Ok, so first off, Naomi since you're the only person who reads my blog, I've just gotta say that you have become one of the best friends that I have! I love you so much girl, you always make me smile, and feel like I'm a better mom than I am, which just makes me want to be better. You inspire me, and just make me happy :) Thank you so SOO much! :) love you girl!
So anyway, I just feel the need to post about a few different things... first being that my husband has recently become friends w/a pornstar on facebook. He did tell me about it, expressing his surprise in finding out that she was a pornstar. He recently added a bunch of random people to add to his teams on some of the games he plays on facebook. He doesn't have even one picture of any of us, including him on his profile, so it's really not a big deal, but today I went to login to facebook, and it automatically brought up his. And right there on the updates, were a bunch new pics that this pornstar chick had just added to her profile, most she's half naked in, and I'll admit she does have a killer body, but that just makes me feel worse. Now for one thing she lives in Mexico, and another I KNOW that he isn't into trashy woman (not that being a pornstar, necisarily makes someone trasy) but yeah, I know he's really not into woman like that, and never has been. Still it does make me feel a bit self concious, and well, jelous I guess. I know that really I have no reason to be, but yeah. I don't know. I guess it doesn't really matter, and the fact that he told me when he figured it out is good. I suppose it's just my own insecurities, and the fact that I'm 9 months pregnant, and this is pretty much the only time that I'm just not real interested in getting any anyway, and he assumes that because I complain already about my pelvis hurting, and everything else, he doesn't really try. So I know that that plays a role in me feeling more insecure about it all. I guess I should just be happy that he's been different this time around w/actually wanting to give me some action, thank god he finally got over being freaked out by the big prego belly :) haha.
Well, after a night of contractions, and me thinking that I was actually in labor. Then finally being able to sleep somtime after about 12:30, I went into the doctor this morning, to find out that I'm like 70% effaced, and 2 cm dialated. Not quite as far as I'd like to be, but at least I'm getting closer :) HOORAY! But, they found protien in my urine, and my blood pressure was high, so I have to go back first thing monday (so long as I don't go into actual labor before then) to have them test me again, and make sure I don't have preeclampsia. If I do they're going to put me on bedrest :( BOO!! They told me to just take it easy and to drink a TON of water, which I've been doing, and I'll admit I am feeling better (and having to pee every 10 min). I've still been having contractions today, but nothing that's regular, it's just enough to make me stop and notice every now and then. Oh the joys of damn false labor pains!! Oh well, hopefully they're getting me closer to having this baby, and the real thing :) Bring on those painful, consistant contractions baby, I'm READY!! :) Oh yeah, and one super awesome thing for today, was that while I was taking a nap, Jer cleaned the whole kitchen (including sweeping the floor, and cleaning the table) and washed all the dishes! It was SOOO SOOO nice! I love having a clean kitchen, oh yeah, and he also did a load of laundry too :) YAY, he def scored some brownie points today. Then on top of that, we went to a friends daughter's birthday party, and he chased, and kept track of the boys the ENTIRE time that we were there, I didn't even have to say a word. he didn't even complain about it at all. It was fabulous :) so on that happy note I guess I'll go make that lasanga sauce that he's been really wanting me to make, since I just wasn't feeling up to it the last 2 days, and it really needs to get done. Hooray for a happy day :)

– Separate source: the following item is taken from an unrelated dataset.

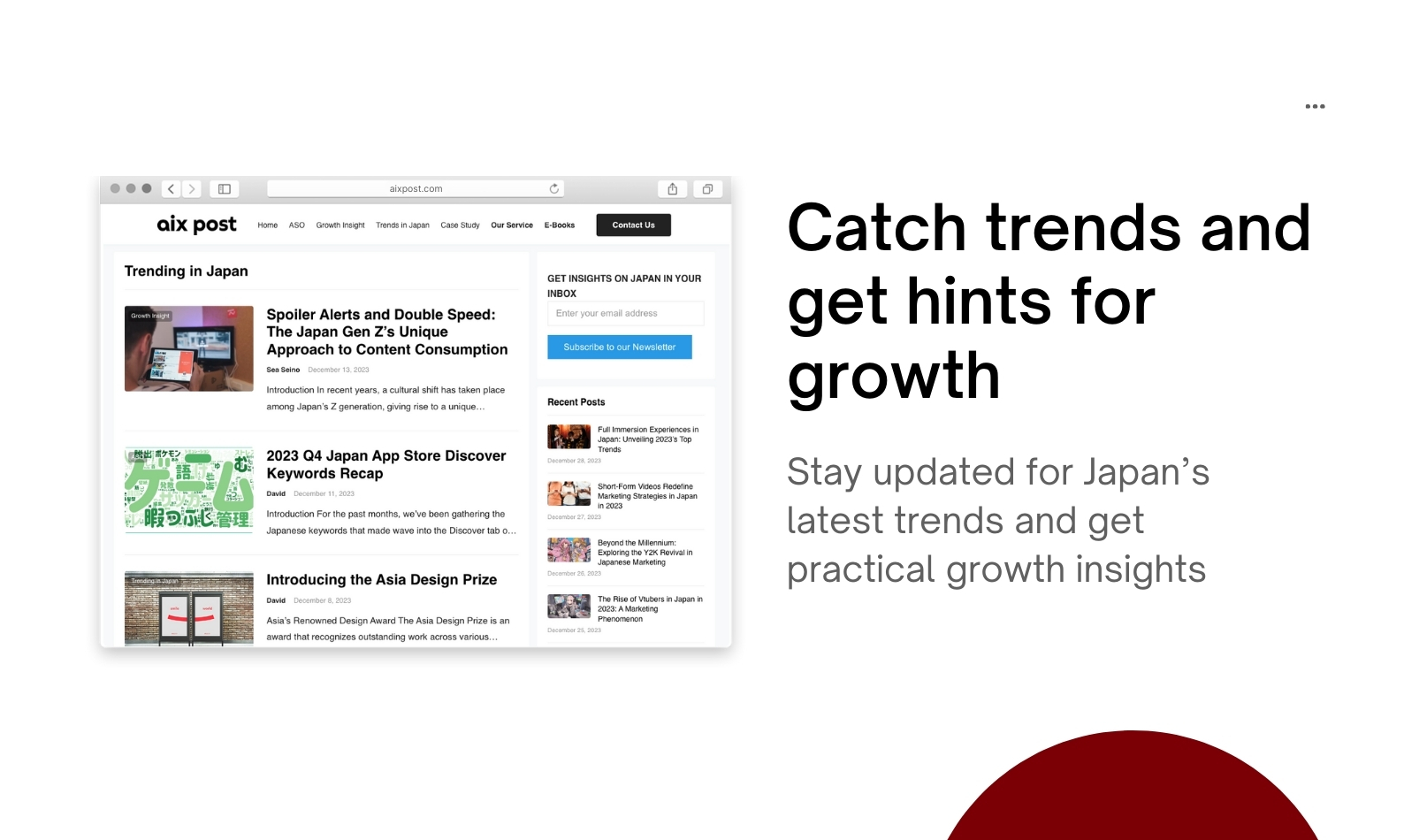 SHIBUYA, TOKYO, JAPAN, January 5, 2024 /EINPresswire.com/ -- aix Inc, based in Shibuya, Tokyo, proudly introduces aixpost, an up-to-date marketing media that mainly deals with trends and culture of Japan and how they affect the marketing. This launch marks a significant footstep in marketing media, particularly for those who want to advance to the Japanese market.Your Go-To Source for Japan's Marketing Insights: aixpost.com

ok maybe this sounds bad, but whenever jordan does something nice for me i HAVE to write it down, because i always feel like his bad WAY outweighs the good that he does. but really i think that it's just I REMEMBER the bad more. isn't it weird how easy it is to forget the good things? :-P
ReplyDeleteHOORAY for Jeremy being such an awesome husband and helping you out so much right now! that is so great!
boo on him for being friends with a pornstar... even if he didn't know, it's not like they are REALLY friends, so would it really hurt her feelings if he deleted her as a friend? but then i'm really picky about the friends i have on facebook, i'm ACTUALLY friends with all of them :-P
BOO on preeclempsia, i hope it all turns out all right! you seem to be having one stress after another near the end! that just sucks! but i just know things will turn out ok, and that you will be hugging and kissing and dressing up that adorable little girl of yours soon! i just can hardly wait to see pictures of her! seriously, i'm even bouncing up and down as i type this! i am trying to get jordan to ok me driving out to idaho sometime this summer, so cross your fingers!
love your GUTS lady!
do you have cell phones again? cuz i am so excited to see pictures of your little one you HAVE to text me as soon as you are in labor! i am SOOOOOO excited for you!
and gavin and brody! they are going to be the BEST big brothers EVER and take such good care of their little sister that it will drive her crazy! and hopefully keep some of the boys at bay, especially since she will be drop dead gorgeous, just like her mama!